Use of PmagPy from within a Jupyter notebook#
Notebooks such as this one can be used to call PmagPy functions. They can be used to convert data from laboratory formats into the MagIC format and produce many of the plots and make the calculations required in paleomagnetic projects.
Data can be accessed either through a web browser or through the FIESTA API queries, the most direct of which connects a dataset to the DOI of the publication using Python code that is part of the PmagPy software package. Data can therefore be downloaded, unpacked, re-analyzed or imaged and then repackaged and uploaded back into a private workspace of the user. Jupyter notebooks can then be attached to a new publication and serve as important supplemental material for publication, making the data and the analysis thereof transparent and reproducible. We will illustrate the use of Jupyter notebooks in connection with FAIR data practices in the rock and paleomagnetic world.
Technical contributions#
Paleomagnetic data published on the MagIC website and linked to a DOI can be downloaded from the database using the FIESTA API.
The PmagPy python software package imported in the notebook can be used to unpack and re-analyze data in the database to reproduce results, demonstrating the benefits of FAIR principles.
Methodology#
import useful Python modules
import the PmagPy software package
download a dataset from MagIC using the FIESTA API through PmagPy
re-analyze the data using PmagPy plotting and analysis functions
Results#
This notebook illustrates how open-source databases can be accessed and used to further the goals of open science.
Funding#
Award1 = {“agency”: “US National Science Foundation”, “award_code”: “1822336”, “award_URL”: “https://www.nsf.gov/awardsearch/showAward?AWD_ID=1822336”}
Award2 = {“agency”: “US National Science Foundation”, “award_code”: “2126298”, “award_URL”: “https://www.nsf.gov/awardsearch/showAward?AWD_ID=2126298”}
Keywords#
keywords=[“FAIR”, “Open Science”, “MagIC database”, “PmagPy software package”, “paleomagnetism”]
Citation#
Tauxe et al., 2022, Jupyter Notebooks as a bridge to the MagIC Database and Open Science, 2022 EarthCube Annual Meeting. Accessed XX/XX/XXXX at https://github.com/PmagPy/2022_Tauxe-et-al_MagIC-Database-and-Open-Science
Acknowledgements#
We thank members of the MagIC/FIESTA database team Nick Swanson-Hysell and Christeanne Santos for help in maintaining the PmagPy software package. We also thank EarthCube for providing support for the further development of PmagPy and MagIC under the umbrella of the FIESTA project, meant to expand database design beyond MagIC into other geoscience domains.

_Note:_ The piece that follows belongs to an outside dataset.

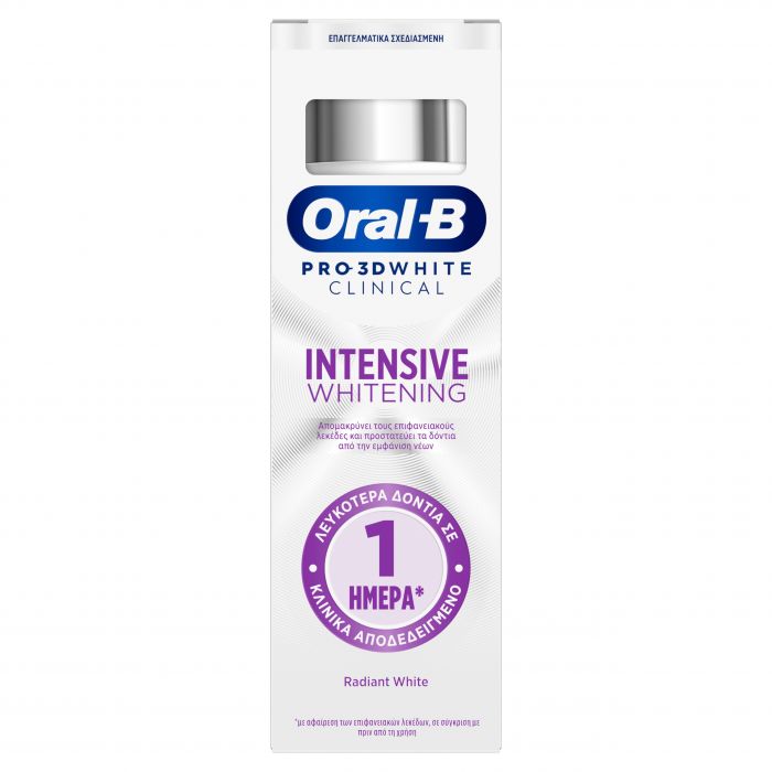 Η Oral-B Pro-3D White Clinical Intensive Whitening είναι ιδανική για ευαίσθητα δόντια, σχεδιασμένη για ασφαλή καθημερινή χρήση, ενώ συμβάλλει στην ενίσχυση του σμάλτου και την προστασία από την τερηδόνα. Είναι η ιδανική συνάντηση επιστήμης και ομορφιάς: μια καινοτομία που προσφέρει όχι μόνο το λευκότερο χαμόγελο, αλλά και τη σιγουριά ότι φροντίζετε ουσιαστικά την υγεία του στόματός σας.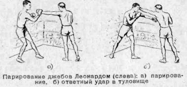 Леонард эффективно демонстрировал в своих матчах специально разработанную им против джебов защиту. Когда он замечал, что противник слишком часто досаждает ему джебами, он специально мобилизовал свою правую ладонь для парирования их, держа её раскрытой у подбородка. Каждый раз, когда левая рука противника приближалась к его лицу, он резким и коротким движением отталкивал её от себя влево, производя при этом толкающее скользящее лишение по наружной стороне предплечья руки противника. В этой защите он достиг такого совершенства, что его правая ладонь автоматически, точно и без усилия выполняла это движение, возвращаясь после каждого толчка в исходное положение. Если противник наносил прямой удар с силой, то парирование Леонарда выводило его из равновесия. При удачном парировании прямого удара, Леонард, используя промах противника, немедленно переходил в контратаку, начиная её с левой руки.

The template is licensed under a Creative Commons Attribution 4.0 International License.
Setup#
Access of the notebook:#
Using Binder#
This notebook can be run by launching Binder from the GitHub repository.
Go to https://github.com/earthcube2022/ec22_tauxe_etal.git and click on Binder label at the top of the README.md file.
Once the dependencies are installed, JupyterLab loads, and the notebook opens, the cells in the notebook can be executed and edited as needed.
Using jupyterhub#
The Binder version does not allow uploading of user’s own data and is therefore useful only for demonstration purposes. However, this notebook is also included in the PmagPy software package which can be installed on a personal and downloaded onto a personal computer following instructions in the PmagPy cookbook https://earthref.org/PmagPy/cookbook/or run without installation through the website: https://jupyterhub.earthref.org.
Library import#
Import all the required Python libraries.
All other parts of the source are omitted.